Calling all musicians who have a good grasp of Presbyterian history.

Here are the parameters: 

Your objective is to write lyrics adapted to the tune of "The Night They Drove Old Dixie Down" by The Band (first recorded in 1969).

Lyrics of the new song shall be along the lines of "The Day Old Princeton Died" or some variation thereof, and shall encompass accounts of B.B. Warfield, J. Gresham Machen, et al.
(I suppose "The Day They Drove Old Princeton Down" might be an easier refrain, but seems a bit too obvious. But do what you must.)

See Bring the Books: 91 Years Ago Today, Old Princeton Died and February 16: Death of B. B. Warfield | This Day in Presbyterian History
for partial background. Additional resources will be cited or provided, upon request.

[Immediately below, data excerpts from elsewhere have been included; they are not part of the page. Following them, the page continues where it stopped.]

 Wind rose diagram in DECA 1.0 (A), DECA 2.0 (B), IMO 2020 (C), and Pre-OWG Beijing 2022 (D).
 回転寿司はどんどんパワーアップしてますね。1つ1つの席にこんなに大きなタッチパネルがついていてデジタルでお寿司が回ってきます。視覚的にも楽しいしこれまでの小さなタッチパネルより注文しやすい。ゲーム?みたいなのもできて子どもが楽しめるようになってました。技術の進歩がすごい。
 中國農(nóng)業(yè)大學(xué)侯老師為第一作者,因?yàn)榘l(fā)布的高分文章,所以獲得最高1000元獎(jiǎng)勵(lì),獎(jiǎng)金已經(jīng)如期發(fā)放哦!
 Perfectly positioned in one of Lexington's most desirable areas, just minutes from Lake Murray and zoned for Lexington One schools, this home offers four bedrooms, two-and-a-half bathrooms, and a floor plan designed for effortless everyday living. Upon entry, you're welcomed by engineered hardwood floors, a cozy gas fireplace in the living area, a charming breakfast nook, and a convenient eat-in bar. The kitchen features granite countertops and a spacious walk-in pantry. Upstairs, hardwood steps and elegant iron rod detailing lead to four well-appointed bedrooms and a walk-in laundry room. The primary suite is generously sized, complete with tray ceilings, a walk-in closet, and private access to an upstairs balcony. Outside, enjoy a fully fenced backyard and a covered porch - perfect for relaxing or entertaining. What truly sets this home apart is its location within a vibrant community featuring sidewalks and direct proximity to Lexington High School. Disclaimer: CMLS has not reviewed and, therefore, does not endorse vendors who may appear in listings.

Upon completion of viable lyrics, then perform, record and post your finished composition on the PB for fame, fortune (yeah, right), and the entertainment of all.


----------



## nicnap (Mar 6, 2012)

What about to the tune of, "The Day the Music Died"? That would seem to fit as well. (Personally, I would like to hear someone do it to the tune of "The Weight," by the Band.)


----------



## Wayne (Mar 6, 2012)

I think we'd welcome any creative work that is well executed.


----------



## VictorBravo (Mar 6, 2012)

Oh Wayne, don't tempt an old Baptist like this--I've got work to do.

"Singing, nah, nah, nah nah nah naaaaaaaah!"


----------



## nicnap (Mar 6, 2012)

You're correct *we* would. So, all you creative types, get to crackin'.


----------



## Wayne (Mar 6, 2012)

VictorBravo said:


> Oh Wayne, don't tempt an old Baptist like this--I've got work to do.

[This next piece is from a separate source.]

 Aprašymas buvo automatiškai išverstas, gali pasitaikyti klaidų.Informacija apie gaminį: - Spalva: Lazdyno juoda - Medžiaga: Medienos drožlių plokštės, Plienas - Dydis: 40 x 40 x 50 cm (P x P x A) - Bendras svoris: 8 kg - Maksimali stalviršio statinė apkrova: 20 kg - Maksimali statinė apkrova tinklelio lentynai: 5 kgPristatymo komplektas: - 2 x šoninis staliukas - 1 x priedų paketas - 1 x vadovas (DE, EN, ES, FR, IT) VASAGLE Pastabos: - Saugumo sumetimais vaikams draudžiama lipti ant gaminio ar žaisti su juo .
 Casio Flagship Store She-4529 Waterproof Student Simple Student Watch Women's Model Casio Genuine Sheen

Out there in the wilds of Idaho/Washington, what earthly duties could press thy time, sir? 
What better pursuit than this idle pasttiime?
What better demonstration of thy wit and wisdom?


----------



## Gforce9 (Mar 6, 2012)

I am an amateur musician and would have fun with this, but have not the time to do it right. This would be right up Weird Al Yankovic's alley......


----------



## KMK (Mar 6, 2012)

Looking at the parameters I'm wondering why you are calling on musicians for this project...


----------



## PuritanCovenanter (Mar 6, 2012)

nicnap said:


> What about to the tune of, "The Day the Music Died"?

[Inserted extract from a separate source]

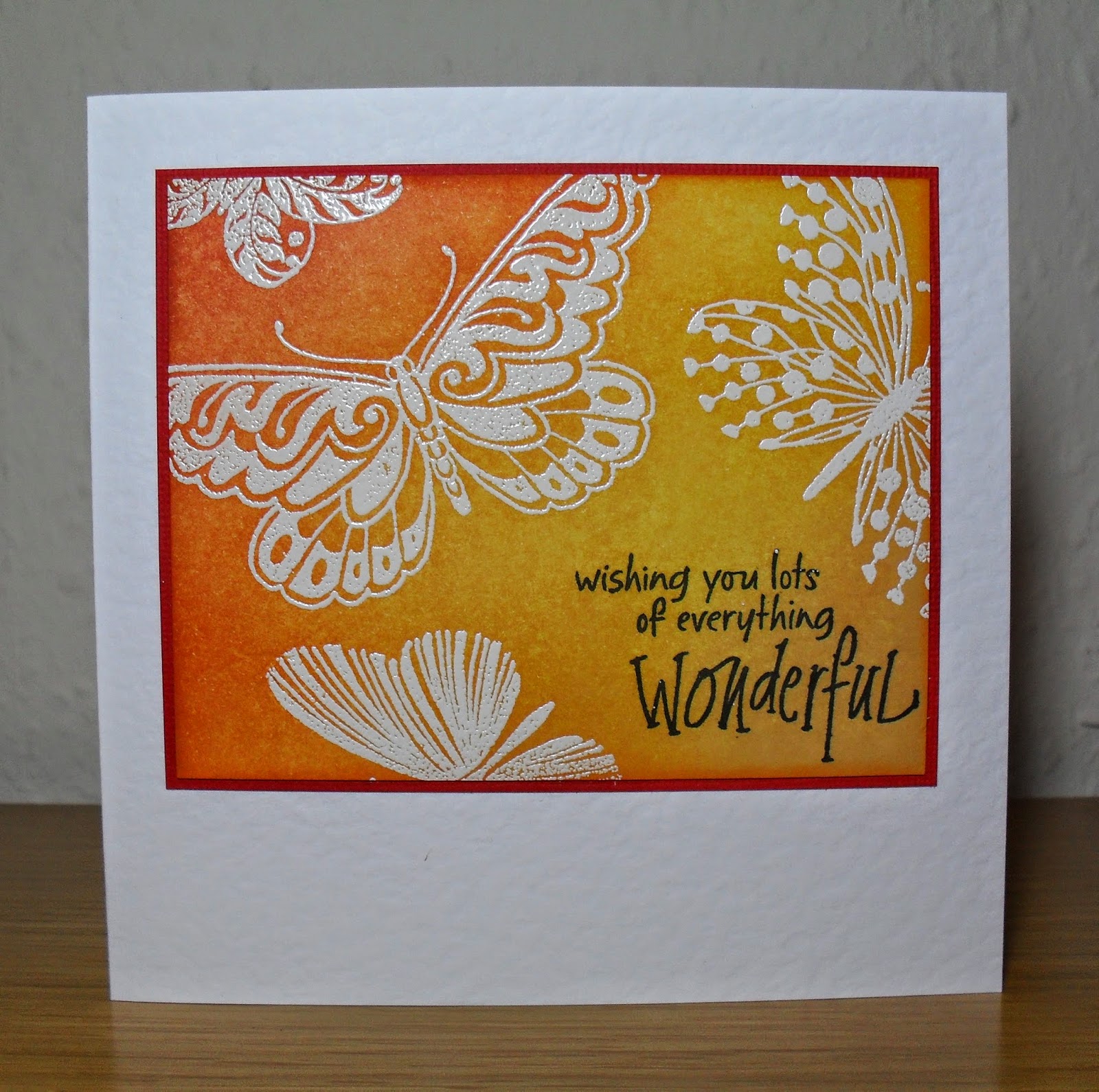 you can see his card here)...it's for my flatmate's Dad...in fact I made him a choice of two, as I was unable to fulfill his request of 'a card with mountains with sheep or goats on'! For this one, I played around with my Distress Inks...blending shades of blue and green (Salty Ocean, Stormy Sky, Faded Jeans, Bundled Sage, Forest Moss & Pine Needles) on to a piece of white card. Then I spritzed some water over it, and stamped my Hero Arts 'Zig Zag' background stamp lightly over the top. I used my star Nesties to cut out a star, then cut the smaller one from that...mounting it inside the larger star aperture on 3D foam pads. The sentiment stamp is from the Hero Arts 'Sentiments' set, and I doodled the borders using a black gel pen.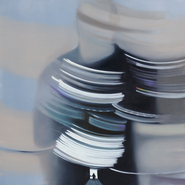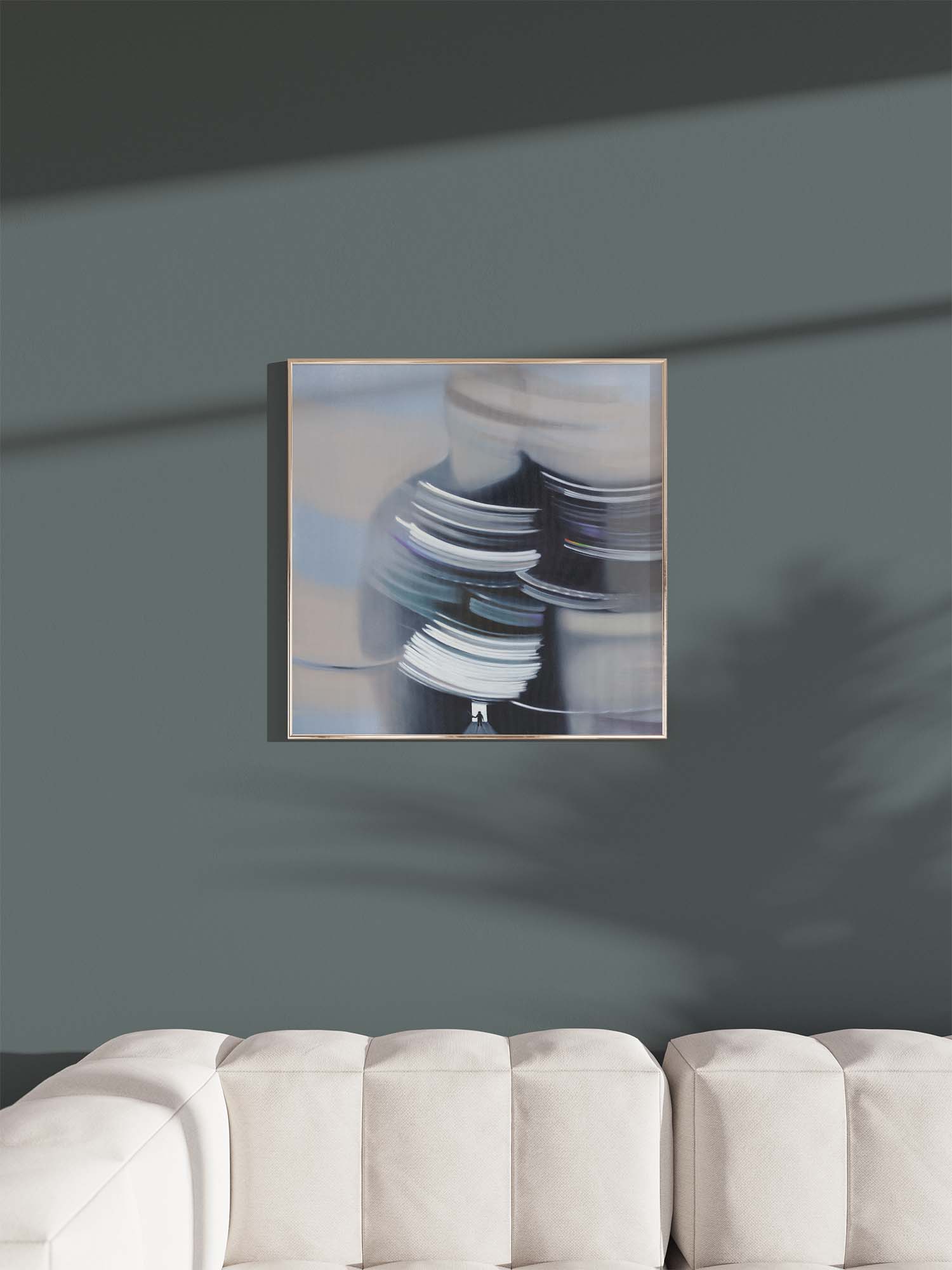 At first glance, Companion appears as a swirling vortex of black and gray, a storm in motionƒ??chaotic, vast, and all-consuming. Yet, within this tempest, a deeper story unfolds. At the base of the painting, a small figure stands before an open doorway of blinding white light. A child, poised at the threshold of the unknown, clutching a hand that emerges from the darkness.

 Isn't that Don McLean's American Pie?


----------



## Rufus (Mar 6, 2012)

[video=youtube;-VShpcqd3zE]http://www.youtube.com/watch?v=-VShpcqd3zE[/video]

Great tune.


----------



## Wayne (Mar 6, 2012)

KMK said:


> Looking at the parameters I'm wondering why you are calling on musicians for this project...



Perhaps more accurate then to issue a call for writers or lyricists, though sometimes a tune has to be reworked slightly to make it work.


----------



## JS116 (Mar 6, 2012)

Can I use my christian rap skills!?


----------



## Wayne (Mar 6, 2012)

Josh-time! :

"Well, I don't know. Can you?"


----------